Prompt –
Nothing but the lines from the one with "信用债ETF、公司债ETF、城投债ETF,代表信用债基。全部下跌" through the end of the data should be set down, each exactly as written, and no picture should be included.
[Material for the task]
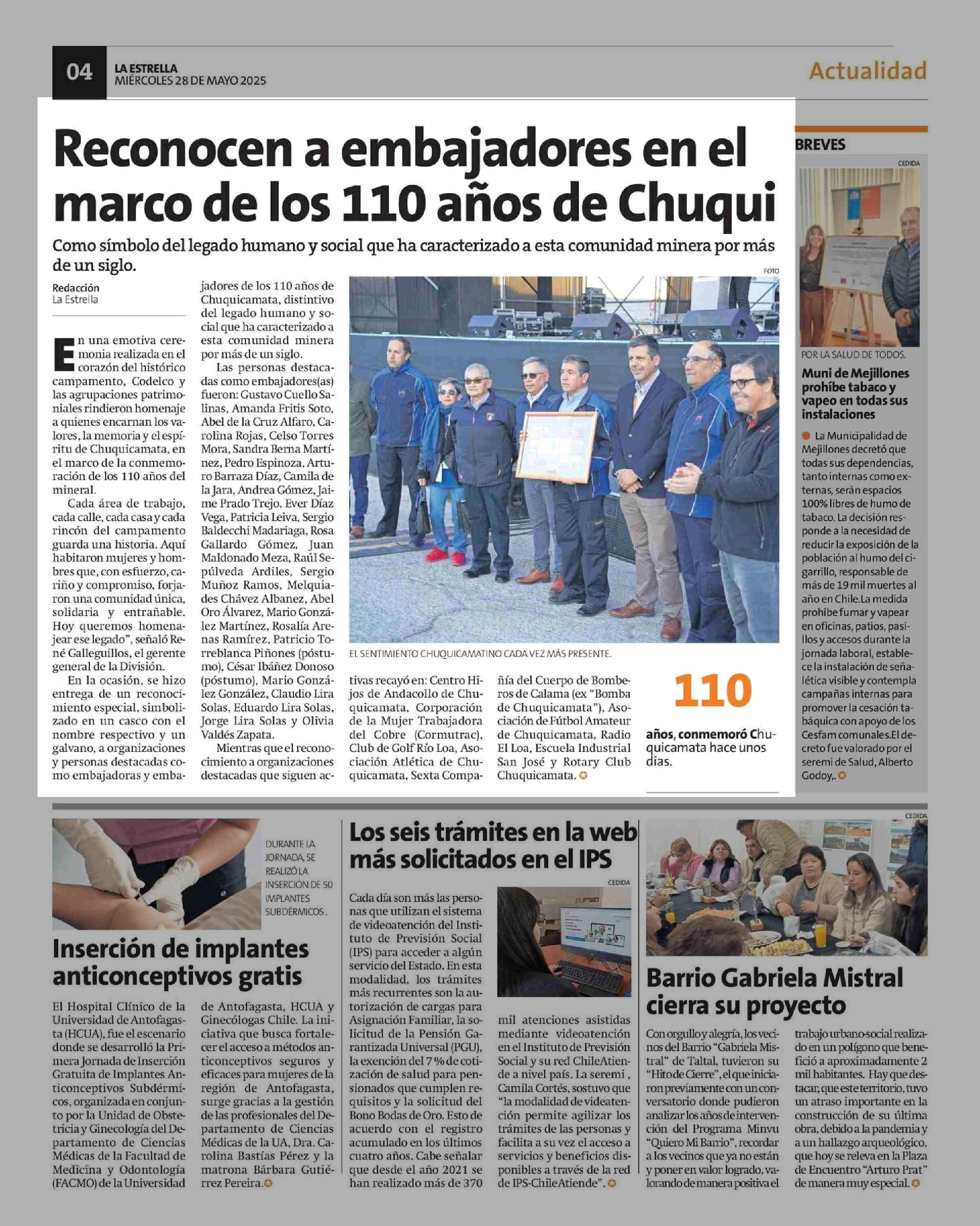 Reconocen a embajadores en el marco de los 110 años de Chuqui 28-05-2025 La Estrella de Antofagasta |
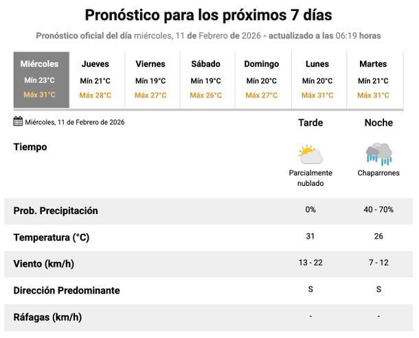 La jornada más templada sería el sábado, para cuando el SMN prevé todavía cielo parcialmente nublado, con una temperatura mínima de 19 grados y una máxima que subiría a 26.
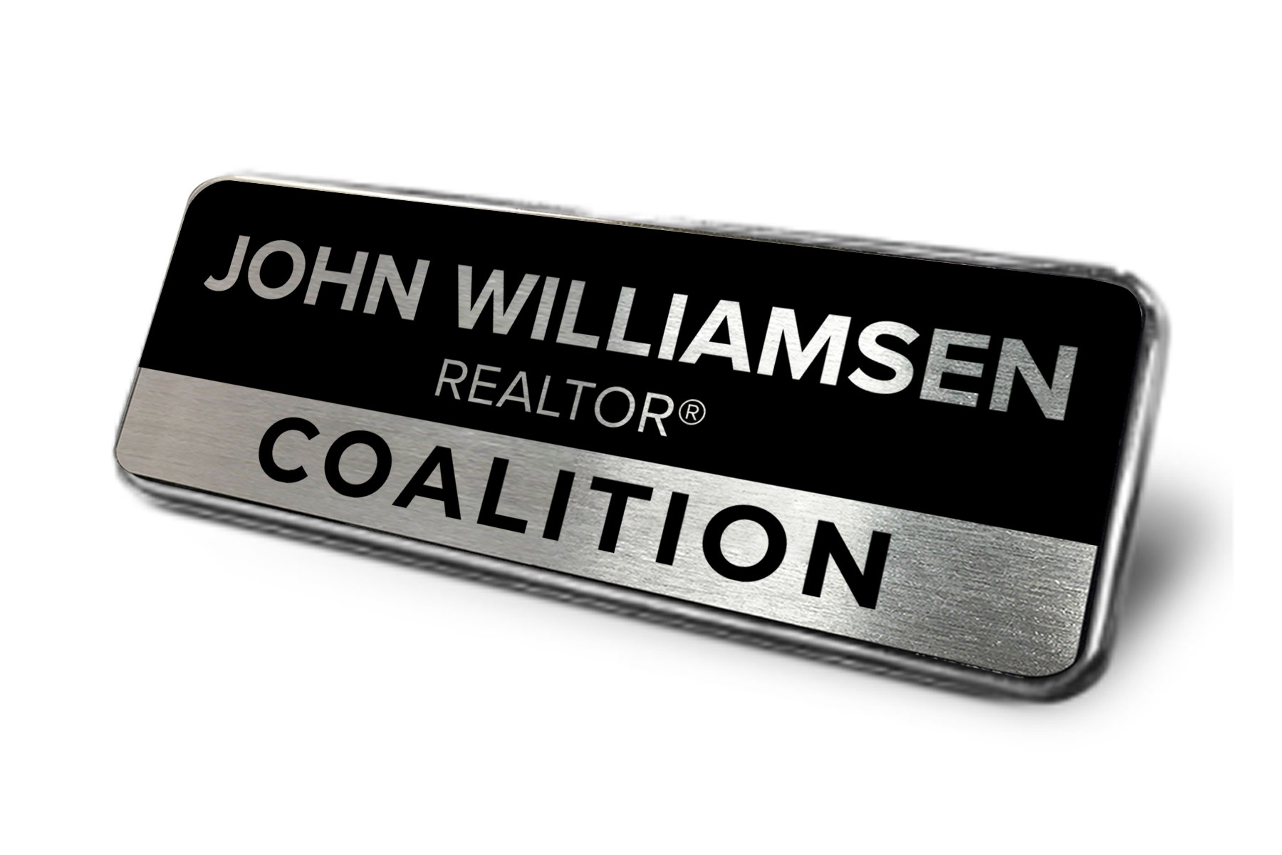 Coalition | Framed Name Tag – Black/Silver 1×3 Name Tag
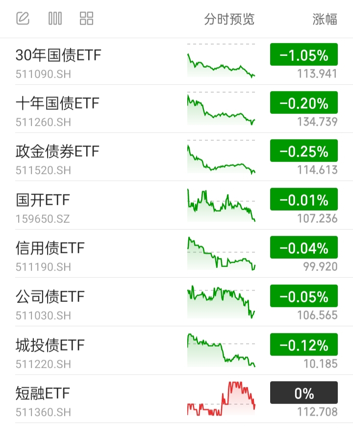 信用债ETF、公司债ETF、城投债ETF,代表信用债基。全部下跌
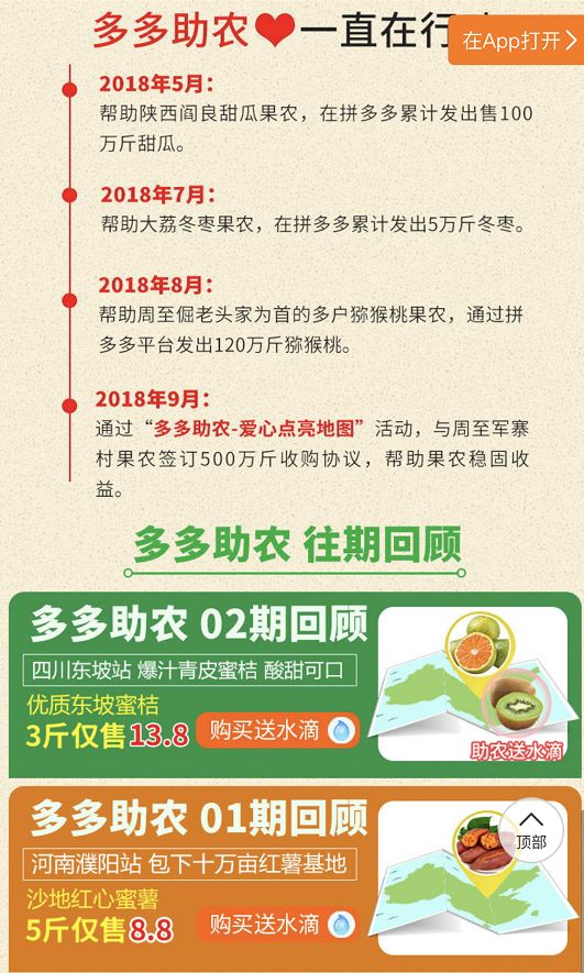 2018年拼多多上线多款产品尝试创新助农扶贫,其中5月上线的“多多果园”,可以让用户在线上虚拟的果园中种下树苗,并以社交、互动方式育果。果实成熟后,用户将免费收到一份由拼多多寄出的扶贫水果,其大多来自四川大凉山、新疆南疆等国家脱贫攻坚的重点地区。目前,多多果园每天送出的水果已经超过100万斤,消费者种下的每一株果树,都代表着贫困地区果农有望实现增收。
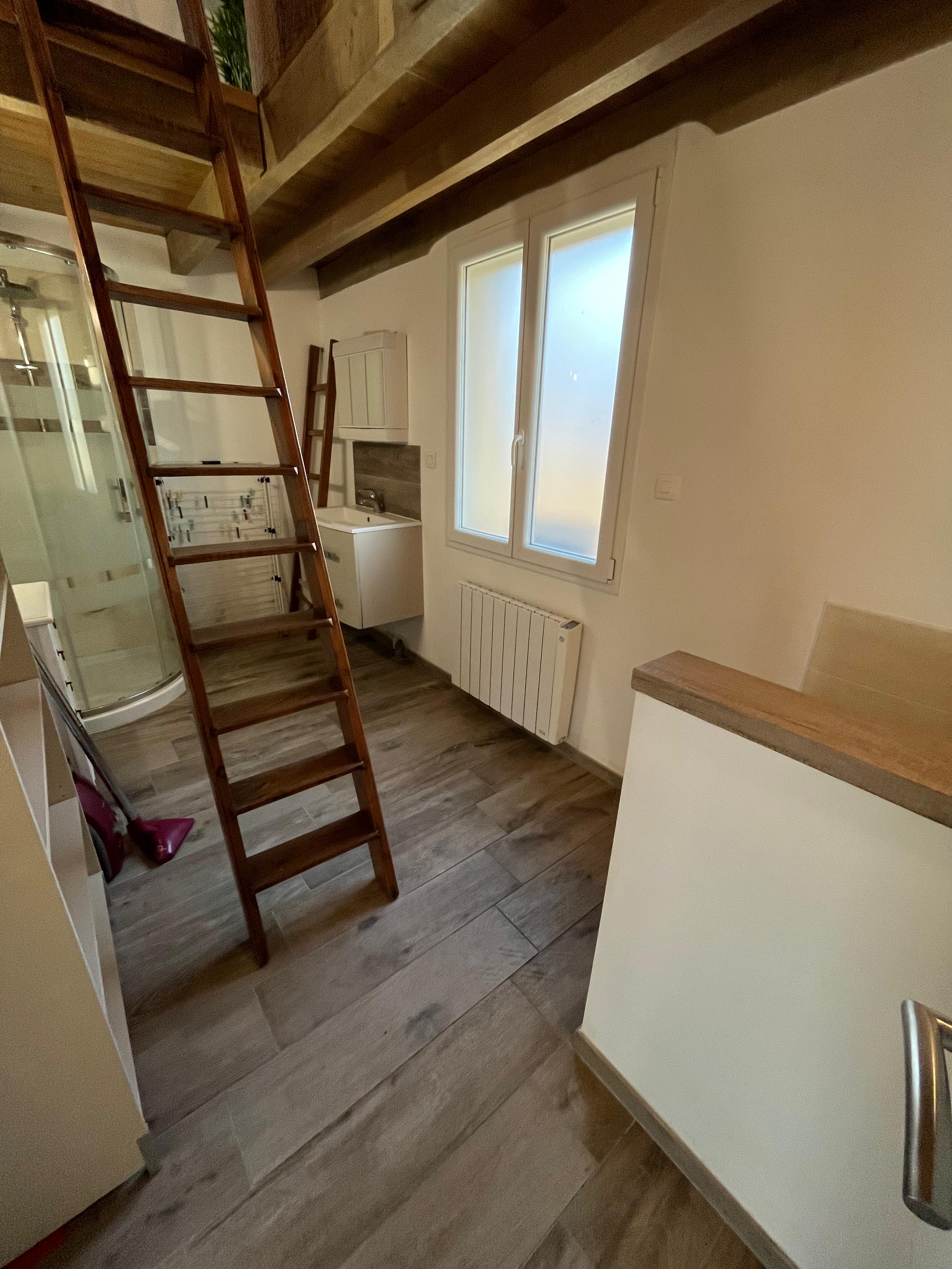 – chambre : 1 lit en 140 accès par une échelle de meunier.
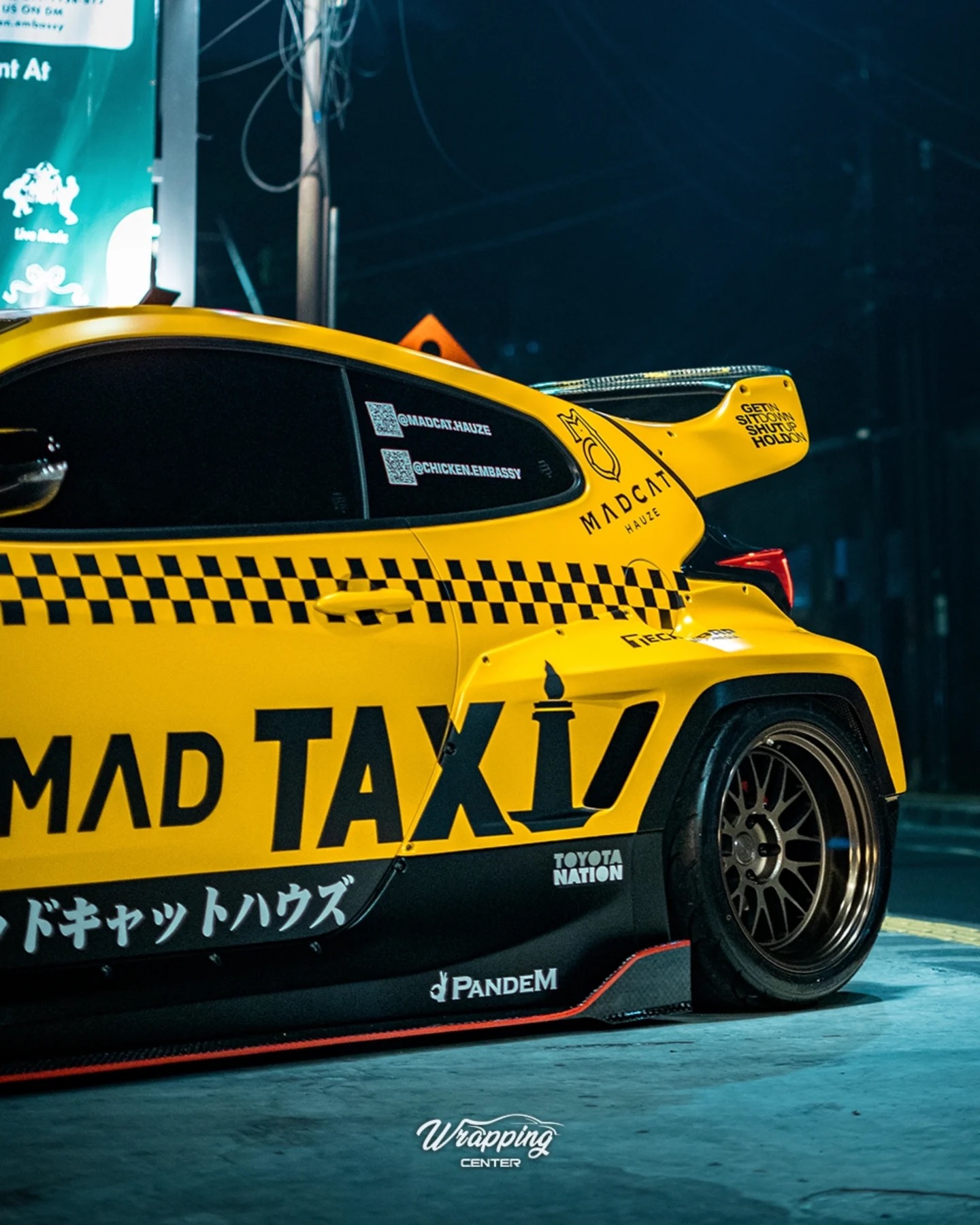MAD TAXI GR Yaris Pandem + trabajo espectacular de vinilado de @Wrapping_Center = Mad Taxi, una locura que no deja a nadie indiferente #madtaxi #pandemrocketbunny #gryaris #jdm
[/Material for the task]
Answer to this exercise –
 信用债ETF、公司债ETF、城投债ETF,代表信用债基。全部下跌
 2018年拼多多上线多款产品尝试创新助农扶贫,其中5月上线的“多多果园”,可以让用户在线上虚拟的果园中种下树苗,并以社交、互动方式育果。果实成熟后,用户将免费收到一份由拼多多寄出的扶贫水果,其大多来自四川大凉山、新疆南疆等国家脱贫攻坚的重点地区。目前,多多果园每天送出的水果已经超过100万斤,消费者种下的每一株果树,都代表着贫困地区果农有望实现增收。
 – chambre : 1 lit en 140 accès par une échelle de meunier.
MAD TAXI GR Yaris Pandem + trabajo espectacular de vinilado de @Wrapping_Center = Mad Taxi, una locura que no deja a nadie indiferente #madtaxi #pandemrocketbunny #gryaris #jdm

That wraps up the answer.